MethodsThe NEWS chart is based on a simple aggregate scoring system in which a score is allocated to physiological measurements, when patients present to, or are being monitored in hospital. This will ensure that patients who are deteriorating, or at risk of deteriorating, will have a timely initial assessment. This should supplement clinical judgement in assessing the patient's condition.
Early detection and escalation of deteriorating NEWS leads to improved patient outcomes and referral to the appropriate specialties, for subsequent management.

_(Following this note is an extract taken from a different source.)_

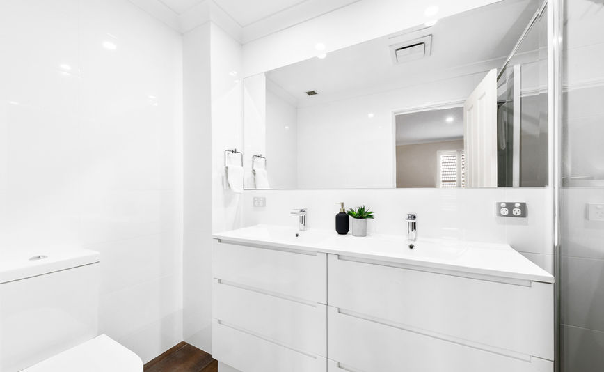 - master ensuite with sleek modern bathroom with full height tiling, twin vanities, shower and WC

The initial phase of the QIP comprised of retrospective data collection surrounding the recognition and documentation of NEWS on an 18-bedded Old age Psychiatric ward. This period spanned the 2nd wave of the pandemic, from November- December.
Potential interventions were implemented in the form of raising NEWS awareness by educating nursing staff via teaching sessions, displaying posters all over the ward and nursing station. Team also reviewed all NEWS charts everyday during ward management rounds which served as a daily reminder for the staff measuring the observations.
NEWS of & greater than 3 was defined as the threshold for escalation.
Following change implementation, data were collected to capture the progress made over a month.
ResultsAnalysis of data pre and post- interventions displayed a significant improvement in escalation of unwell patients from 26% to 60%.
ConclusionImproved outcomes and early detection of potentially deteriorating patients, leading to early transfer of patients to an Acute Medical setting and better overall management.
Raised awareness and understanding of physical health management in Mental Health nurses.
The QIP was presented at the Trust QI Forum meeting and was met by and overwhelmingly positive response. In order to enhance NEWS recording an electronic format is now being adapted. There is also a consideration around providing regular NEWS teaching sessions to all inpatient staff across the trust.